Note: Don’t perform hangboard training until you have developed sufficient finger strength (otherwise ouchies).
Any good climbing gear store should have a nice selection of hangboards to choose from – you can check out MMO’s offering here. Factors to consider include material (plastic and wood offer different friction), grip variety and installation set-up. If a traditional hangboard is too much for your space, you can always opt for a portable option like the Metolius Rock Rings, Scallywags Big Squeeze or Bonez Climbing Dogbone (local is lekker – support our adventure artisans!).
Ye olde reliable hangboard / pull-up bar substitute is a door frame with a decent edge – security gates also work. Do be careful, because things can go wrong and if they do it may be quite expensive. If you’re handy, you can make your own with some wood and a few nails, but, again, proceed with caution.
There’s nothing like a foam roller to give you a casual S&M massage after a tough workout. Rolling out your muscles doesn’t just feel damn good (despite the pain), it also helps to relieve tightness, soothe inflammation and/or increase your joints’ range of motion.
Grab a foam roller at your favourite yoga or sporting goods store! You might also want to check out fascia balls, which can help to target stubborn knots.
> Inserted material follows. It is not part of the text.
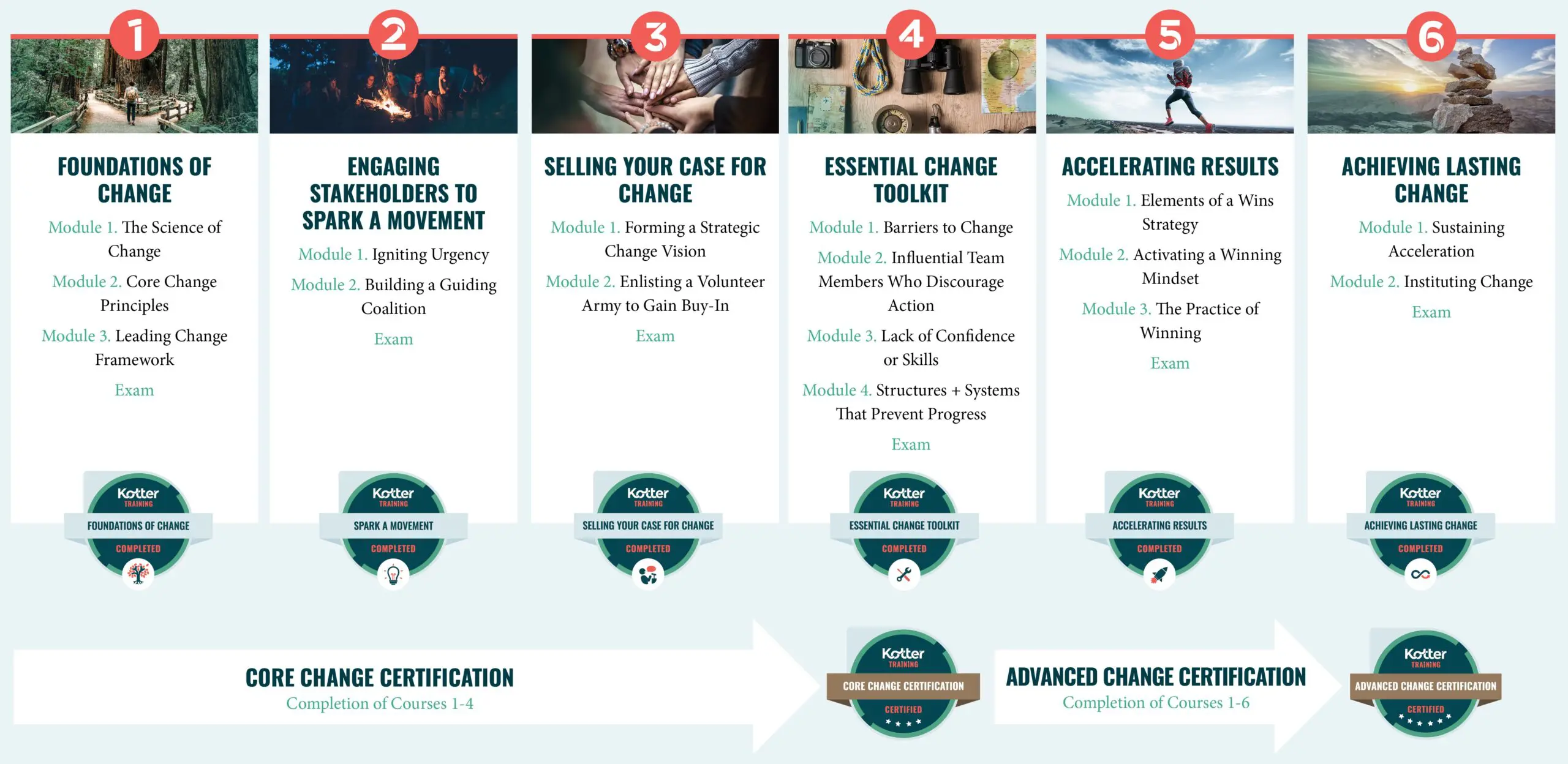How you learn matters to us. Kotter has designed three unique ways to earn your certification, so you can customize your training experience. Start with a single course or get fully certified today!

You can easily replace a fascia ball with a tennis ball, and if you happen to have some sort of suitable cylinder around you’ve got yourself a roller. Legend says wine bottles have been used, but we don’t recommend that AT ALL.
And now we’re on to the stuff you were probably expecting this blog would talk about… shiny toys! These are by no means necessities, but they do make it way easier to train the muscles central to climbing. Plus, they’re fun and colourful – and who doesn’t love that?
There are tons of gadgets on the market, many of which perform very specific functions. Some options include the DigiFlex, which trains the fingers in isolation, the Theraband Flex Bar which is great for warming up the wrists, and Therapy Putty.
Go nuts! Your imagination is the limit here – if you can lift, press, pull or hang from it, you’re pretty much sorted. Let us know if you’ve conjured up any majestic DIY gadgets and, once again, do not use cats as dumbbells.